• _Task prompt_
Nothing but the lines below from the one with "Вывод:Каждый ученик должен" through the one with "കേരള സീനിയർ സിറ്റിസൺസ്" should be output, each exactly as given, and no pictures.

• _Material for this task_
------------

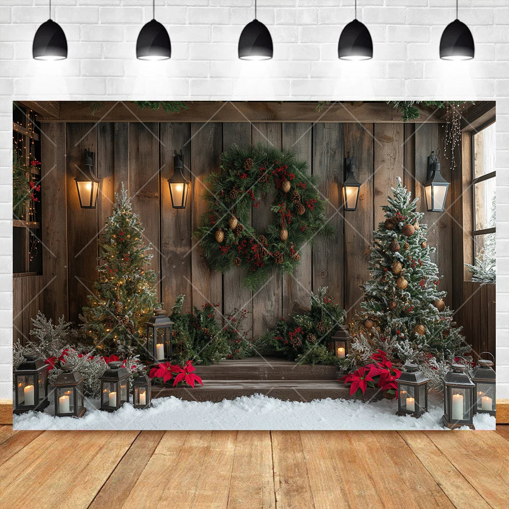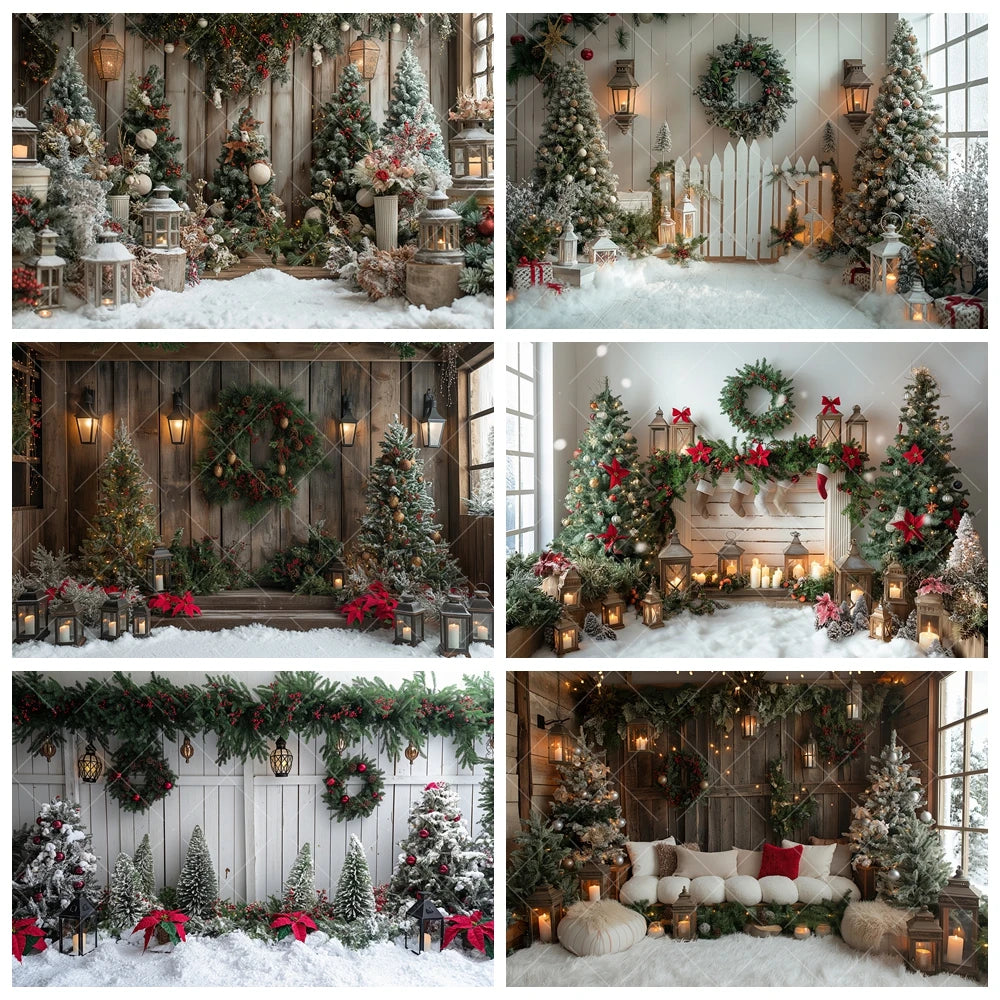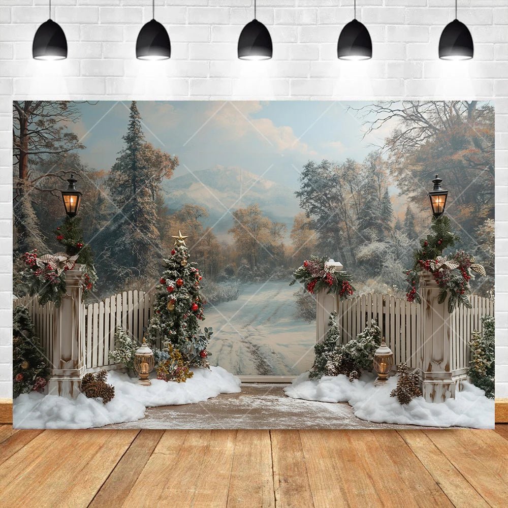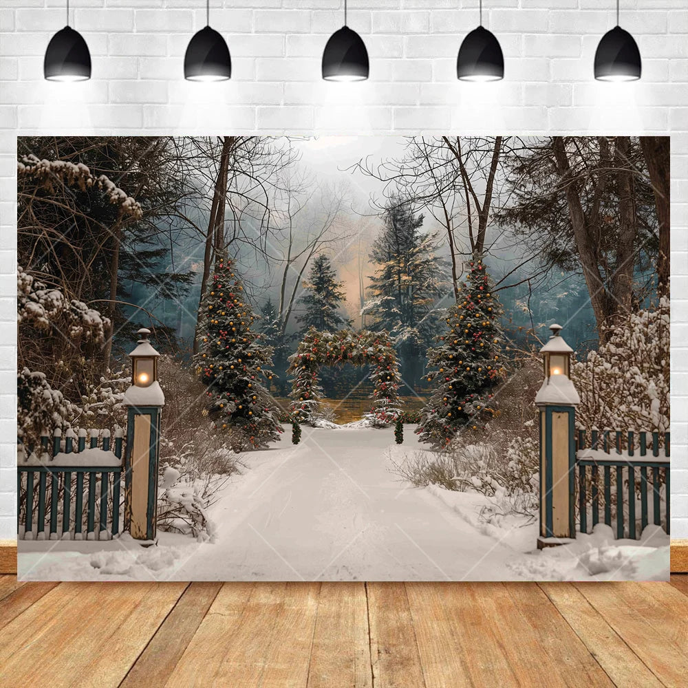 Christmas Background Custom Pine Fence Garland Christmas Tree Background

------------

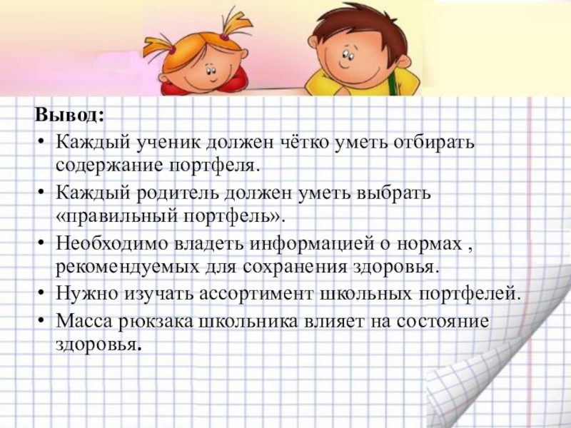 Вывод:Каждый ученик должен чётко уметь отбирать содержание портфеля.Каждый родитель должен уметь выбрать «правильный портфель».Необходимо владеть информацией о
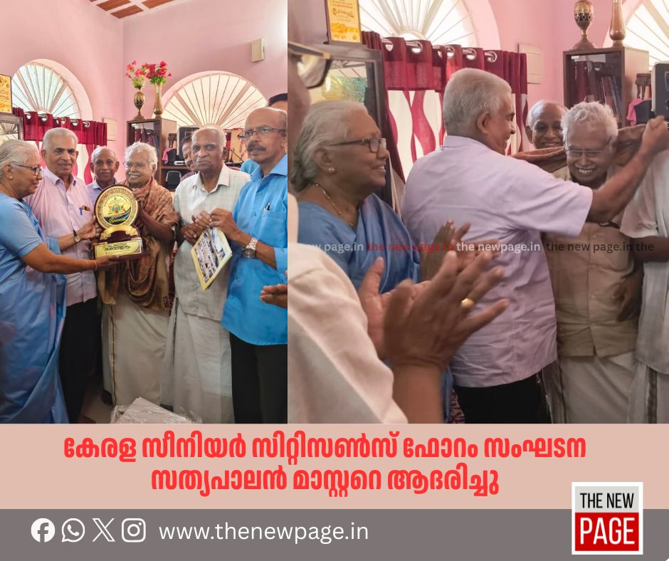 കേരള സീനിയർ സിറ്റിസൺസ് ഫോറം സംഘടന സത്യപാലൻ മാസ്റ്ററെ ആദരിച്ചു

------------

• _Response_
 Вывод:Каждый ученик должен чётко уметь отбирать содержание портфеля.Каждый родитель должен уметь выбрать «правильный портфель».Необходимо владеть информацией о
 കേരള സീനിയർ സിറ്റിസൺസ് ഫോറം സംഘടന സത്യപാലൻ മാസ്റ്ററെ ആദരിച്ചു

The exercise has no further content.